Does a prohibited conflict of interest exist where a city contracts for sanitation service with a city employee who was the only bidder or low bidder for the contract?
This question is answered in the negative.
You advised our staff by telephone that you recently accepted bids for a contract to provide trash and garbage pickup to your city parks. The only bid received, and therefore the lowest bid, was submitted by an employee of the city's parks and recreation department who serves as a toll attendant on the city fishing pier. The city council entered into the above-described contract and now wishes to know if such action created a conflict of interest for the subject employee.
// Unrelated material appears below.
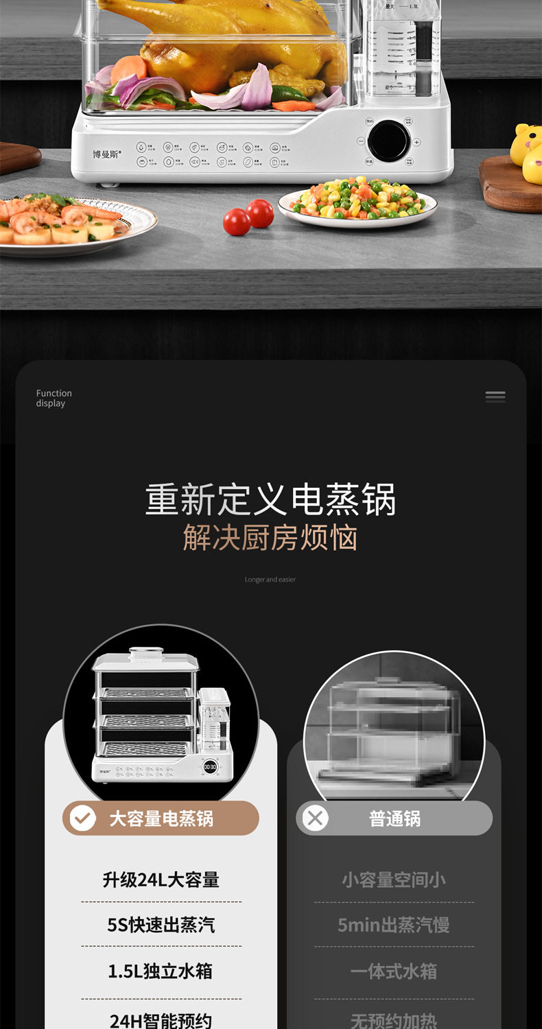 | Color | White 24L three-layer electric steamer |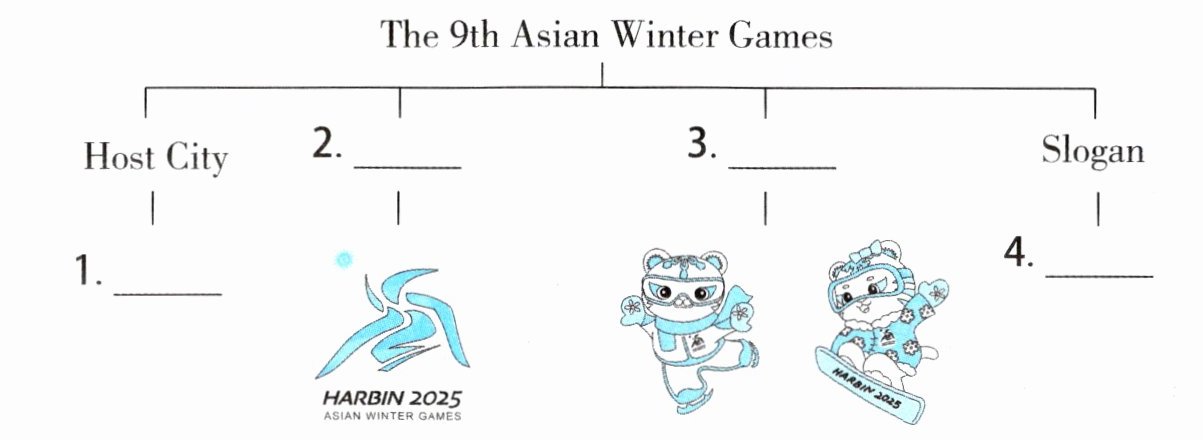 )4. Which isn’t shown on the emblem of the 9th Asian Winter Games?A. The lilac flower of Harbin City. B. The speed skater’s image.

The Code of Ethics states in relevant part:
DOING BUSINESS WITH ONE'S AGENCY. -- No employee of an agency acting in his official capacity as a purchasing agent, or public officer acting in his official capacity, shall either directly or indirectly purchase, rent, or lease any realty, goods, or services for his own agency from any business entity of which he or his spouse or child is an officer, partner, director, or proprietor or in which such officer or employee or his spouse or child, or any combination of them, has a material interest. Nor shall a public officer or employee, acting in a private capacity, rent, lease, or sell any realty, goods, or services to his own agency, if he is a state officer or employee or to any political subdivision or agency thereof, if he is serving as an officer or employee of that political subdivision. . . . This subsection shall not affect or be construed to prohibit contracts entered into prior to:
(a) October 1, 1975.
(b) Qualification for elective office.
(c) Appointment to public office.
(d) Beginning public employment.
[Fla. Stat. s. 112.313(3)(1975); emphasis supplied.]
The emphasized portion of this provision prohibits a public employee from acting in a private capacity to sell services to any agency of his political subdivision. However, s. 112.313(3) must be read in light of the following section of the Code of Ethics.
CONSTRUCTION. -- It is not the intent of this part, nor shall it be construed, to prevent any officer or employee of a state agency or county, city, or other political subdivision of the state or any legislator or legislative employee from accepting other employment or following any pursuit which does not interfere with the full and faithful discharge by such officer, employee, legislator, or legislative employee of his duties to the state or the county, city, or other political subdivision of the state involved. [Fla. Stat. s. 112.316(1975).]
This provision makes it clear that no provision of the code shall be construed to prohibit a public employee from following any pursuit that does not interfere with the full and faithful discharge of his public duties. Each standard of conduct must be read with this qualification in mind. The subject city employee is not in a position to supervise or regulate the city council, which enters into such contracts for the city. Nor do the employee's duties in any way involve approval or the giving of advice or recommendations as to contracts relating to sanitation service. Furthermore, the use of competitive bidding procedures gives additional insulation against the possibility of improper self-dealing. This being the case, we find that the subject contract does not interfere with the full and faithful discharge of the subject employee's duties. Thus, said contract does not create a prohibited conflict of interest for the employee.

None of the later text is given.